Sunday: Cleo’s mum issues a desperate plea on Facebook to find her daughter. 

Sunday/Monday: Homicide detectives, bush trackers and more volunteers are brought in to assist with the search.

Monday: Police confirm Cleo’s grey and red sleeping bag also disappeared. They are yet to comment on whether there were marks that indicate it was dragged from the tent.

Police reveal they are not ruling out any possibilities relating to Cleo’s disappearance. 

Tuesday morning: Search is suspended due to wild weather. 

Daily Mail Australia confirms the ‘interaction’ Cleo had with her mother was ‘not sinister’ and simply the four-year-old asking for a sip of water. 

Tuesday midday: Search continues again as storm passes.

Tuesday 1.30pm: Cleo’s mum and stepdad, Jake, speak to the media for the first time since she disappeared, revealing key pieces of evidence, including:

– The tent they were staying in was left almost entirely open. Cleo and Isla were in the room nearest to the entrance, which was unzipped when Ellie woke up at 6am. Isla remained in her crib unharmed, but Cleo was gone

– Cleo is ‘not the sort of child to wander off’ and would have woken her parents if she needed anything, like when she woke hours earlier to ask for a sip of water

Wednesday: Police confirm reports a car was heard ‘screeching off’ from the campsite at about 3am. 

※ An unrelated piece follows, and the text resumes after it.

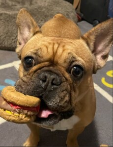 Thunder is a Frenchie. Don’t let her name fool you, she is a chill and classy girl and very quiet. She is famous for her tap dance moves when she gets excited.
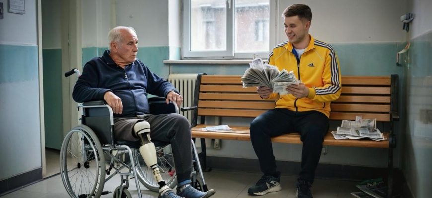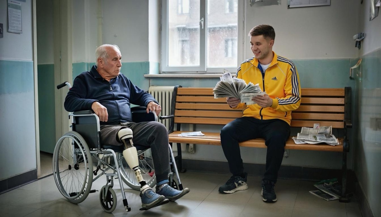 У кабинета сидел старичок в инвалидной коляске. Он нервно поглядывал на часы, ожидая, когда же его примут. Через время на скамейку, что стояла рядом, присел парень. Стильная прическа, модная одежда и телефон последней модели выдавали его хорошее финансовое положение.

Assistant Commissioner Darryl Gaunt revealed there are ‘between 10 and 20’ known sex offenders in the Carnarvon area, but none are suspects into Cleo’s disappearance following inquiries. 

‘We don’t have any concerns about that,’ he said on 6PR Mornings.

‘I know part of the investigative strategies have included reaching and making inquiries into their whereabouts and movements, and this point in time we’re very comfortable where we sit with those inquiries.’  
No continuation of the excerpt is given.